_PROBLEM TO WORK ON_
Begin at the top of the records below and return each line exactly through the line with "Die Gemeinde Leck". Skip pictures.

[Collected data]
>>>
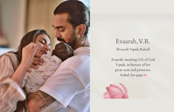 Star couple Athiya Shetty and KL Rahul have revealed that they have named their newborn daughter Evaarah, which means “Gift of God”.
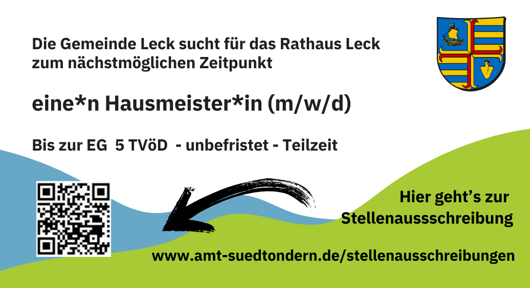 Die Gemeinde Leck sucht zum nächstmöglichen Zeitpunkt eine*n Hausmeister*in (m/w/d) für das Rathaus.
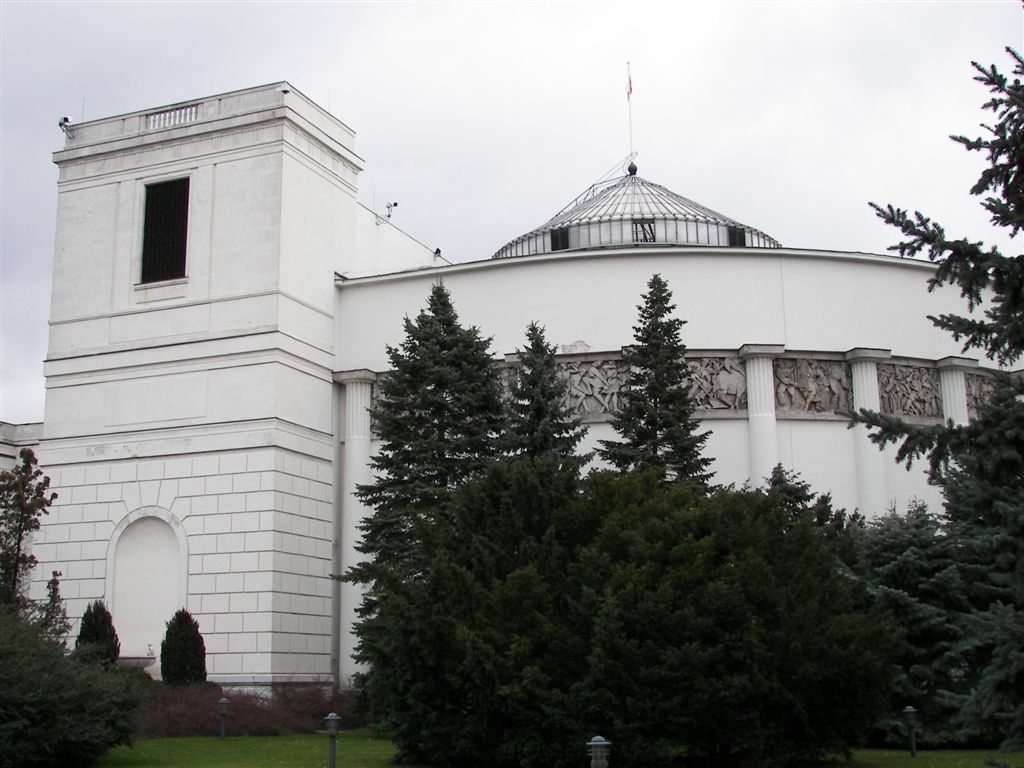 W latach 1918-1919 na potrzeby siedziby Sejmu odrodzonego państwa zaadaptowano gmach Aleksandryjsko-Marjańskiego Instytutu Wychowania Panien. Pomieszczenia budynku okazały się jednak niewystarczające dla najważniejszej instytucji państwowej. Stąd też, w 1925 roku, architektowi i kuratorowi Zamku Królewskiego w Warszawie Kazimierzowi Skórewiczowi zlecono opracowanie projektów przebudowy gmachu. Prace budowlane zostały ukończone w marcu 1928 roku. Najbardziej rozpoznawalną częścią kompleksu sejmowego jest dobudowana wówczas Sala Posiedzeń – monumentalna półrotunda dostawiona od południa, opięta rzędem żłobkowanych górą półkolumn, które na osi środkowej rozdziela łącznik pełniący funkcję [palarni i prowadzący do hotelu sejmowego.  Konstrukcja półrotundy poprzez wsparcie na półkolumnach, zyskała formę odnoszącą się do antycznego monopterosu. Odwołania do architektury antyku grecko-rzymskiego nie są tu przypadkowe. Formy klasycyzujące oparte na wzorach antycznych, przez stulecia traktowano jako właściwe dla budowli królewskich, państwowych, rządowych. Język architektury antycznej, kojarzony z porządkiem, rytmem i symetrią był językiem władzy. Skórewicz zinterpretował go na wskroś nowocześnie, nie zatracając jednak tych uniwersalnych konotacji.
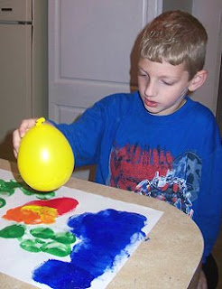 Encontrei esta pintura e achei o máximo. Encha balões pequenos e, se preferir, trabalhe as cores utilizando a mesma cor para as tintas e balões.
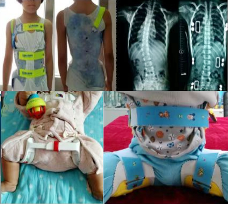 通过支具保守治疗青少年脊柱侧弯(上图)及早期髋关节发育不良和髋关节脱位(下图)。
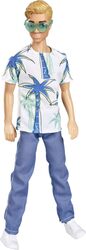 Panáčik Kevin v prázdninovom outfite. Oblečený v tričku s palmou a cool džínsoch so slnečnými okuliarmi.
<<<
_COMPLETED EXERCISE_
 Star couple Athiya Shetty and KL Rahul have revealed that they have named their newborn daughter Evaarah, which means “Gift of God”.
 Die Gemeinde Leck sucht zum nächstmöglichen Zeitpunkt eine*n Hausmeister*in (m/w/d) für das Rathaus.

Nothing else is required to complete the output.